Sorry folks but i can't. It should have been given to be months ago. Now that they know roughly what i'm planning they're trying to give me what i asked for - it doesn't work like that.
They won't section me. They're idiots in this part of the country. And even if i was to be given the crisis team it would only be thursday i'd have to deal with them.
I've just seen a pic of you on the Compliments board and you look gorgeous and full of life. What a waste of a life! You have such a poor opinion of yourself that I never dreamed you were so pretty.
Please rethink - just a couple of weeks to let the new ap kick in. I have found quetiapine really helpful as it helps me sleep and helps calm and sometimes helps me not sh or not harm as badly.
"Everything is possible through Christ, who gives me strength". Phillipians 4:13
Sorry to keep spamming your post but just thought after seeing your pic that I reckon you may have the same problem as I do at times . Just because I look young and not dreary and do my hair etc, I swear they think I am doing better than I am. Maybe they see you and think "well, she's a beautiful young girl who surely has her whole life ahead". They find it harder to see the pain. I'm not being weird or anything but just putting a few things out there for you to think about. It would be an absolute tragedy, hun, it really would!
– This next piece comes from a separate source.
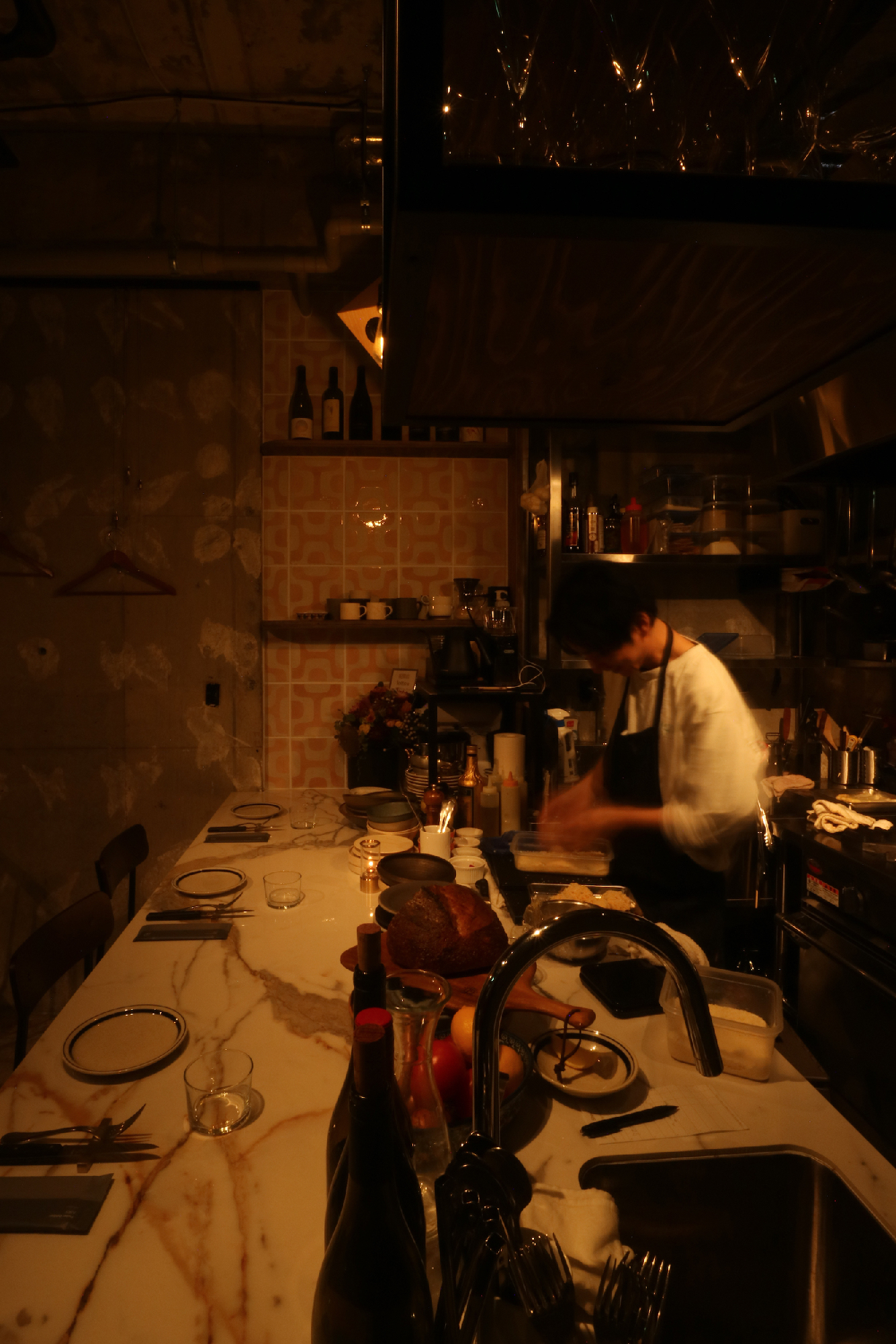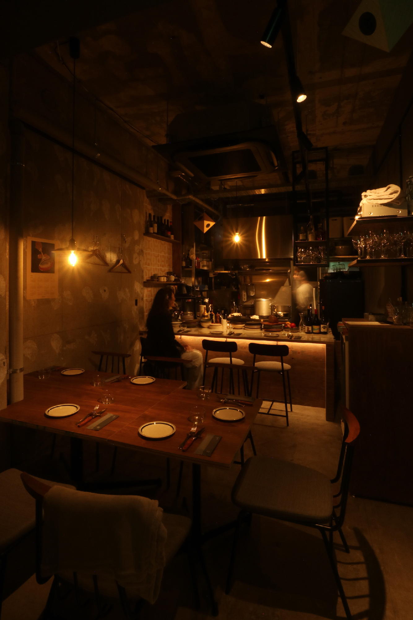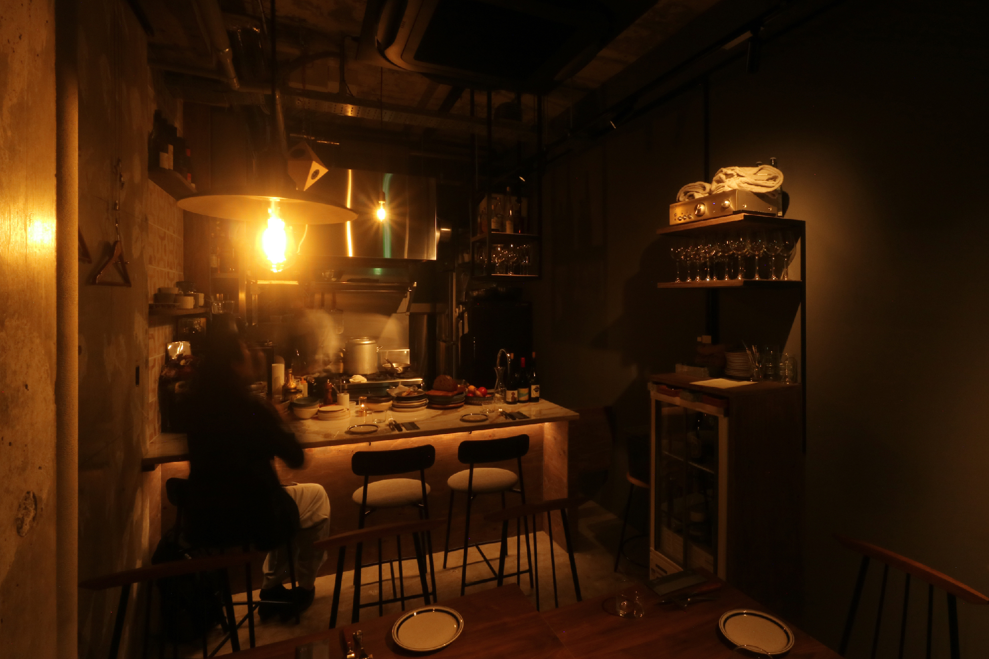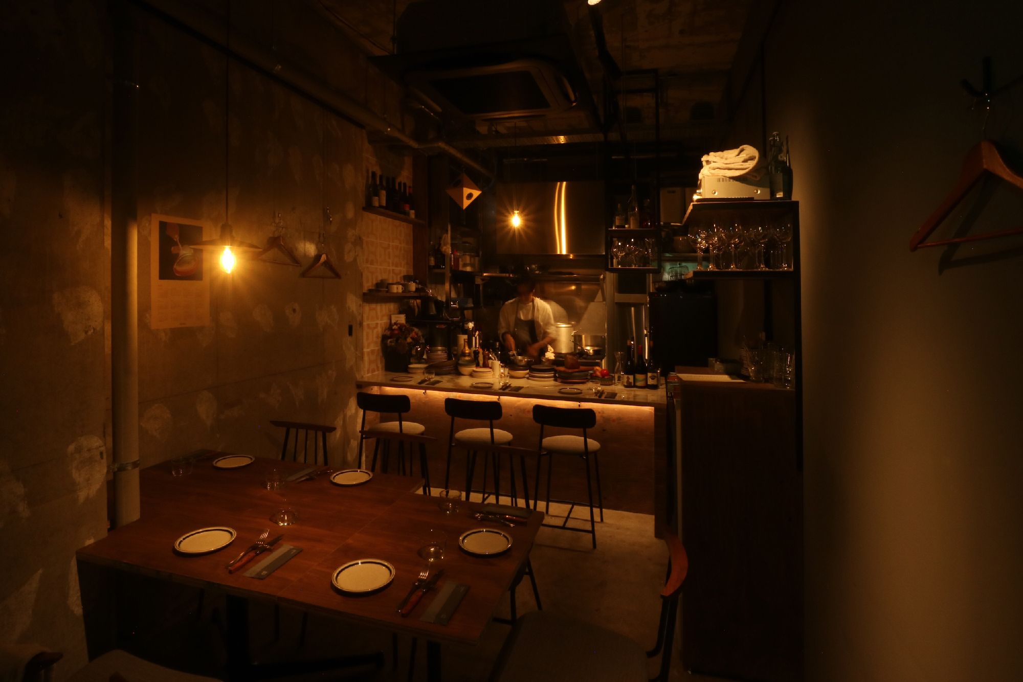 リノベーションしたばかりのビル1階テナントで元々の部屋をいくつかに分割した1区画。インフラも元の部分から分割してありテナントの中を横断している。特に悩ましかったのが排水管で隣からここへ、さらに隣へと渡っていた。こういう場合は床上げをするのがセオリーなんですが。どうにか出来ないかと考え、シンク脚を排水管と干渉しない位置に特注で設置。グリストラップはその分、小さめだが床上げしないレイアウトにはこの方法しかなくそのプランでご提案。最初は悩まれていましたがそのプランとなった。食事に伺った時、入口ガラスドア越しにカウンター向こうで料理していたオーナー様と目があって挨拶をした。勿論、目線の高さは一緒だった。これが一段上がっていたらどうなっていたのか。と想像をした。6坪という小さな空間だが、空間(高さ)をデザインするということの難しさや大切さを改めて感じるプロジェクトになった。

"Everything is possible through Christ, who gives me strength". Phillipians 4:13
The picture is 2 years old. 2 f*cking years old. I'm too ashamed to post a recent picture - i don't even have one, because my face is disgusting. I've put on so much weight since that picture, STONES infact, and i am disgusting. Don't be fooled by a fake picture. It was before i got ill anyway. But thanks i guess.
I think he wanted to put me on Aripiprazole - not looked it up like i always do, i see no point.
I feel so lonely. Like no one understands i need to get the f*ck out.